┏━━

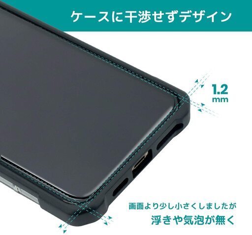 各種類のケースを付けテキストにより、フィルムの剥がれ・浮き防止とケースとの干渉を防ぐため、画面より一回り小さいデザインを採用され、99%以上のケースとの相性が良くて干渉はしません。
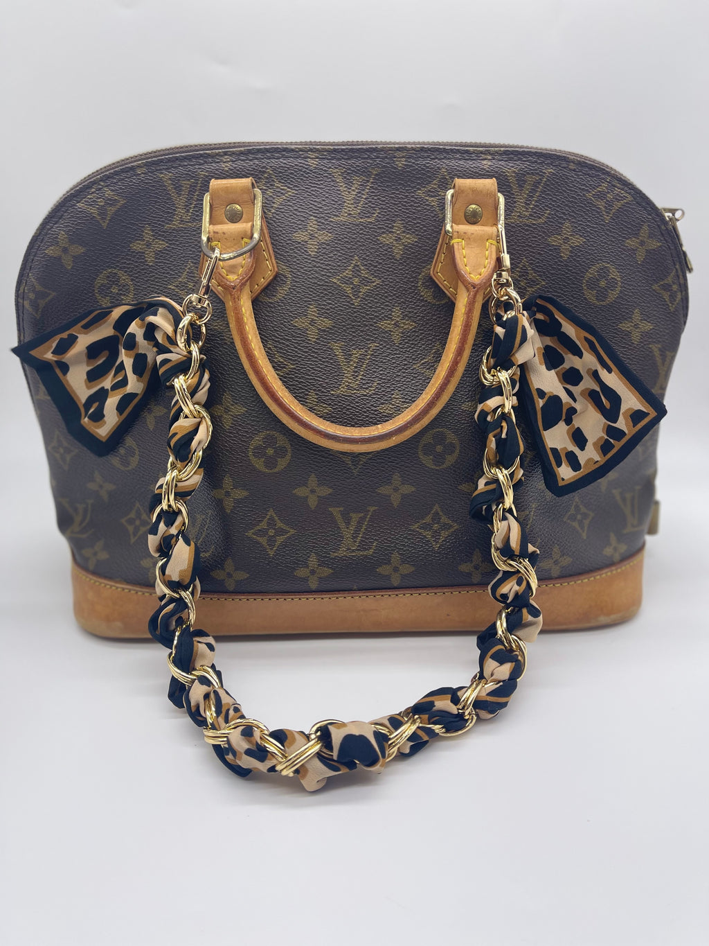 NEW 22" TWILLY SCARF GOLD CHAIN BROWN LEOPARD PRINT 062423
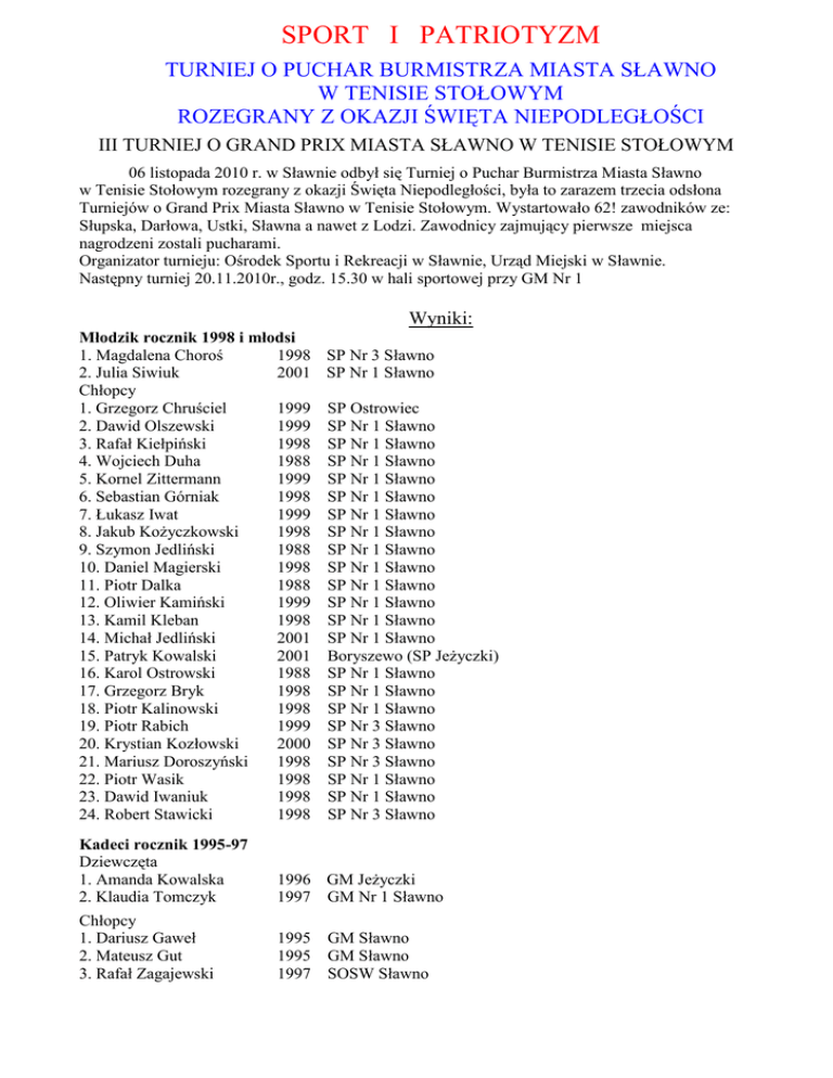 SPORT I PATRIOTYZM TURNIEJ O PUCHAR BURMISTRZA MIASTA SŁAWNO W TENISIE STOŁOWYM ROZEGRANY Z OKAZJI ŚWIĘTA NIEPODLEGŁOŚCI III TURNIEJ O GRAND PRIX MIASTA SŁAWNO W TENISIE STOŁOWYM 06 listopada 2010 r. w Sławnie odbył się Turniej o Puchar Burmistrza Miasta Sławno w Tenisie Stołowym rozegrany z okazji Święta Niepodległości, była to zarazem trzecia odsłona Turniejów o Grand Prix Miasta Sławno w Tenisie Stołowym. Wystartowało 62! zawodników ze: Słupska, Darłowa, Ustki, Sławna a nawet z Lodzi. Zawodnicy zajmujący pierwsze miejsca nagrodzeni zostali pucharami. Organizator turnieju: Ośrodek Sportu i Rekreacji w Sławnie, Urząd Miejski w Sławnie. Następny turniej 20.11.2010r., godz. 15.30 w hali sportowej przy GM Nr 1 Młodzik rocznik 1998 i młodsi 1. Magdalena Choroś 1998 2. Julia Siwiuk 2001 Chłopcy 1. Grzegorz Chruściel 1999 2. Dawid Olszewski 1999 3. Rafał Kiełpiński 1998 4. Wojciech Duha 1988 5. Kornel Zittermann 1999 6. Sebastian Górniak 1998 7. Łukasz Iwat 1999 8. Jakub Kożyczkowski 1998 9. Szymon Jedliński 1988 10. Daniel Magierski 1998 11. Piotr Dalka 1988 12. Oliwier Kamiński 1999 13. Kamil Kleban 1998 14. Michał Jedliński 2001 15. Patryk Kowalski 2001 16. Karol Ostrowski 1988 17. Grzegorz Bryk 1998 18. Piotr Kalinowski 1998 19. Piotr Rabich 1999 20. Krystian Kozłowski 2000 21. Mariusz Doroszyński 1998 22. Piotr Wasik 1998 23. Dawid Iwaniuk 1998 24. Robert Stawicki 1998 Wyniki: SP Nr 3 Sławno SP Nr 1 Sławno SP Ostrowiec SP Nr 1 Sławno SP Nr 1 Sławno SP Nr 1 Sławno SP Nr 1 Sławno SP Nr 1 Sławno SP Nr 1 Sławno SP Nr 1 Sławno SP Nr 1 Sławno SP Nr 1 Sławno SP Nr 1 Sławno SP Nr 1 Sławno SP Nr 1 Sławno SP Nr 1 Sławno Boryszewo (SP Jeżyczki) SP Nr 1 Sławno SP Nr 1 Sławno SP Nr 1 Sławno SP Nr 3 Sławno SP Nr 3 Sławno SP Nr 3 Sławno SP Nr 1 Sławno SP Nr 1 Sławno SP Nr 3 Sławno Kadeci rocznik 1995-97 Dziewczęta 1. Amanda Kowalska 2. Klaudia Tomczyk 1996 GM Jeżyczki 1997 GM Nr 1 Sławno Chłopcy 1. Dariusz Gaweł 2. Mateusz Gut 3. Rafał Zagajewski 1995 1995 1997 GM Sławno GM Sławno SOSW Sławno Juniorzy rocznik 1994-92 Chłopcy 1. Mateusz Jakuszewski 2. Szymon Narbut 3. Mateusz Żebrowski 4. Dariusz Sawosz 5. Oskar Mazur 6. Jacek Miela 7. Pawel Gliwa 8. Andrzej Wygaś 9. Marcin Zawada 1992 ZS Sławno 1993 ZS Sławno 1993 ZS Sławno 1994 Malechowo 1994 ZSP Tychowo 1992 ZSA Sławno 1992 SOSW Sławno 1994 ZS Sławno 1993 ZSA Sławno Seniorzy rocznik 1991 i starsi Kobiety 1. Renata Pietruszka Sławno 2. Jadwiga Choroś Sławno Mężczyźni 1. Włodzimierz Wasielewski 1945 2. Zdzisław Kwaśniak 1960 3. Mirosław Mielczarski 1964 4. Mateusz Lichota 1991 5. Stanisław Lidziński 1957 6. Władysław Mankiewicz 1942 7. Przemysław Stola 1985 8. Ireneusz Partyka 1968 9. Andrzej Malinowski 1953 10. Stanisław Kuciński 1933 11. Jerzy Majchrzak 1972 12. Paweł Przewrocki 1982 13. Bogdan Przybyła 1958 14. Andrzej Piasecki 1953 15. Zenon Mizerek 1960 16. Marcin Miękus 1977 17. Wiesław Mijewski 1954 18. Jerzy Ziółkowski 1947 19. Czesław Kowalski 1968 20. Piotr Marek 1971 Słupsk Słupsk Darłowo Karwice Słupsk Ustka Słupsk Sławno Sławno Łódź Wrześnica Słupsk Bobrowiczki Wrzesnica Gumieniec Boryszewo Gumieniec Słupsk Boryszewo Dębowo
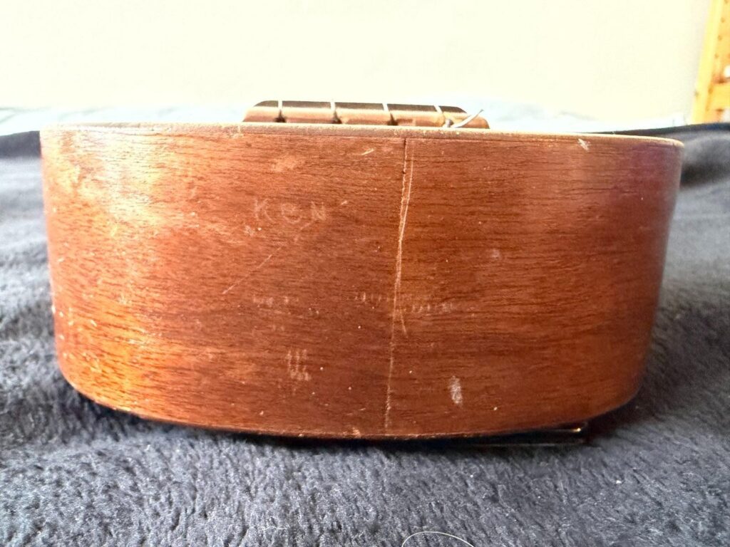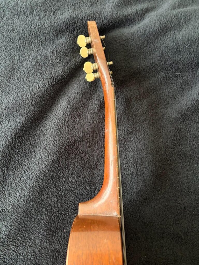 古い楽器にありがちな傷や擦り傷、小さなへこみ、細いひび割れ(写真では見えにくいかもしれません)がいくつかあります。ブリッジも多少摩耗していますが、100年近く前のビンテージ楽器としてはかなり良い状態で、大きな問題はないと言えます。しっかりしており、現状のままで演奏可能です。
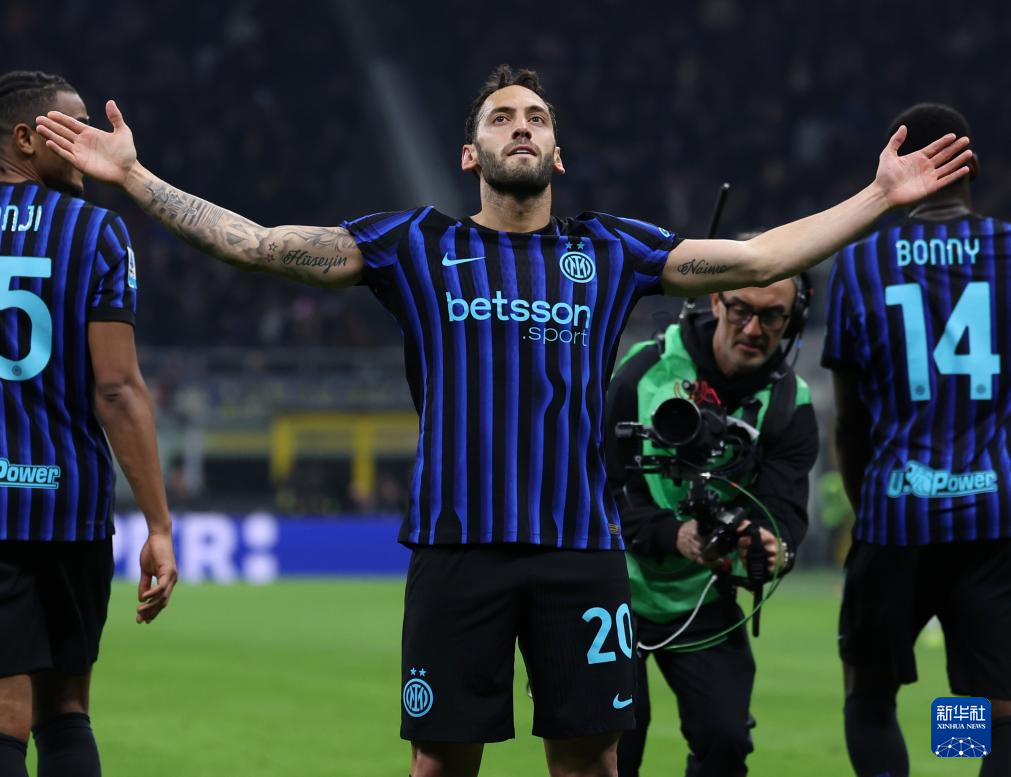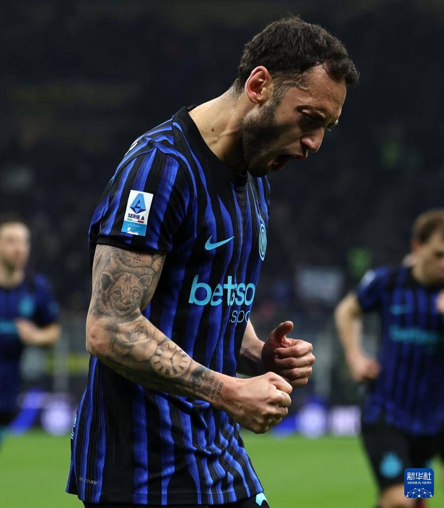 2月28日,国际米兰队球员恰尔汗奥卢在比赛中庆祝进球。
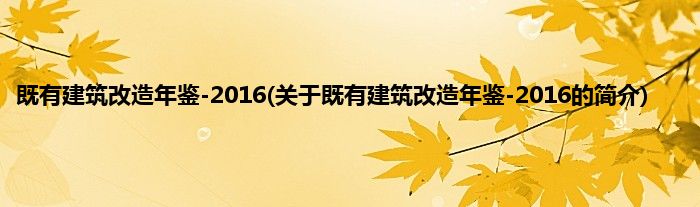 本文关于既有建筑改造年鉴-2016的简介就讲解完毕,希望对大家有所帮助。

┗━━

Task details:
Give the data again word for word, without pictures.

Answer to this problem:
 各種類のケースを付けテキストにより、フィルムの剥がれ・浮き防止とケースとの干渉を防ぐため、画面より一回り小さいデザインを採用され、99%以上のケースとの相性が良くて干渉はしません。
 NEW 22" TWILLY SCARF GOLD CHAIN BROWN LEOPARD PRINT 062423
 SPORT I PATRIOTYZM TURNIEJ O PUCHAR BURMISTRZA MIASTA SŁAWNO W TENISIE STOŁOWYM ROZEGRANY Z OKAZJI ŚWIĘTA NIEPODLEGŁOŚCI III TURNIEJ O GRAND PRIX MIASTA SŁAWNO W TENISIE STOŁOWYM 06 listopada 2010 r. w Sławnie odbył się Turniej o Puchar Burmistrza Miasta Sławno w Tenisie Stołowym rozegrany z okazji Święta Niepodległości, była to zarazem trzecia odsłona Turniejów o Grand Prix Miasta Sławno w Tenisie Stołowym. Wystartowało 62! zawodników ze: Słupska, Darłowa, Ustki, Sławna a nawet z Lodzi. Zawodnicy zajmujący pierwsze miejsca nagrodzeni zostali pucharami. Organizator turnieju: Ośrodek Sportu i Rekreacji w Sławnie, Urząd Miejski w Sławnie. Następny turniej 20.11.2010r., godz. 15.30 w hali sportowej przy GM Nr 1 Młodzik rocznik 1998 i młodsi 1. Magdalena Choroś 1998 2. Julia Siwiuk 2001 Chłopcy 1. Grzegorz Chruściel 1999 2. Dawid Olszewski 1999 3. Rafał Kiełpiński 1998 4. Wojciech Duha 1988 5. Kornel Zittermann 1999 6. Sebastian Górniak 1998 7. Łukasz Iwat 1999 8. Jakub Kożyczkowski 1998 9. Szymon Jedliński 1988 10. Daniel Magierski 1998 11. Piotr Dalka 1988 12. Oliwier Kamiński 1999 13. Kamil Kleban 1998 14. Michał Jedliński 2001 15. Patryk Kowalski 2001 16. Karol Ostrowski 1988 17. Grzegorz Bryk 1998 18. Piotr Kalinowski 1998 19. Piotr Rabich 1999 20. Krystian Kozłowski 2000 21. Mariusz Doroszyński 1998 22. Piotr Wasik 1998 23. Dawid Iwaniuk 1998 24. Robert Stawicki 1998 Wyniki: SP Nr 3 Sławno SP Nr 1 Sławno SP Ostrowiec SP Nr 1 Sławno SP Nr 1 Sławno SP Nr 1 Sławno SP Nr 1 Sławno SP Nr 1 Sławno SP Nr 1 Sławno SP Nr 1 Sławno SP Nr 1 Sławno SP Nr 1 Sławno SP Nr 1 Sławno SP Nr 1 Sławno SP Nr 1 Sławno SP Nr 1 Sławno Boryszewo (SP Jeżyczki) SP Nr 1 Sławno SP Nr 1 Sławno SP Nr 1 Sławno SP Nr 3 Sławno SP Nr 3 Sławno SP Nr 3 Sławno SP Nr 1 Sławno SP Nr 1 Sławno SP Nr 3 Sławno Kadeci rocznik 1995-97 Dziewczęta 1. Amanda Kowalska 2. Klaudia Tomczyk 1996 GM Jeżyczki 1997 GM Nr 1 Sławno Chłopcy 1. Dariusz Gaweł 2. Mateusz Gut 3. Rafał Zagajewski 1995 1995 1997 GM Sławno GM Sławno SOSW Sławno Juniorzy rocznik 1994-92 Chłopcy 1. Mateusz Jakuszewski 2. Szymon Narbut 3. Mateusz Żebrowski 4. Dariusz Sawosz 5. Oskar Mazur 6. Jacek Miela 7. Pawel Gliwa 8. Andrzej Wygaś 9. Marcin Zawada 1992 ZS Sławno 1993 ZS Sławno 1993 ZS Sławno 1994 Malechowo 1994 ZSP Tychowo 1992 ZSA Sławno 1992 SOSW Sławno 1994 ZS Sławno 1993 ZSA Sławno Seniorzy rocznik 1991 i starsi Kobiety 1. Renata Pietruszka Sławno 2. Jadwiga Choroś Sławno Mężczyźni 1. Włodzimierz Wasielewski 1945 2. Zdzisław Kwaśniak 1960 3. Mirosław Mielczarski 1964 4. Mateusz Lichota 1991 5. Stanisław Lidziński 1957 6. Władysław Mankiewicz 1942 7. Przemysław Stola 1985 8. Ireneusz Partyka 1968 9. Andrzej Malinowski 1953 10. Stanisław Kuciński 1933 11. Jerzy Majchrzak 1972 12. Paweł Przewrocki 1982 13. Bogdan Przybyła 1958 14. Andrzej Piasecki 1953 15. Zenon Mizerek 1960 16. Marcin Miękus 1977 17. Wiesław Mijewski 1954 18. Jerzy Ziółkowski 1947 19. Czesław Kowalski 1968 20. Piotr Marek 1971 Słupsk Słupsk Darłowo Karwice Słupsk Ustka Słupsk Sławno Sławno Łódź Wrześnica Słupsk Bobrowiczki Wrzesnica Gumieniec Boryszewo Gumieniec Słupsk Boryszewo Dębowo
 古い楽器にありがちな傷や擦り傷、小さなへこみ、細いひび割れ(写真では見えにくいかもしれません)がいくつかあります。ブリッジも多少摩耗していますが、100年近く前のビンテージ楽器としてはかなり良い状態で、大きな問題はないと言えます。しっかりしており、現状のままで演奏可能です。
 2月28日,国际米兰队球员恰尔汗奥卢在比赛中庆祝进球。
 本文关于既有建筑改造年鉴-2016的简介就讲解完毕,希望对大家有所帮助。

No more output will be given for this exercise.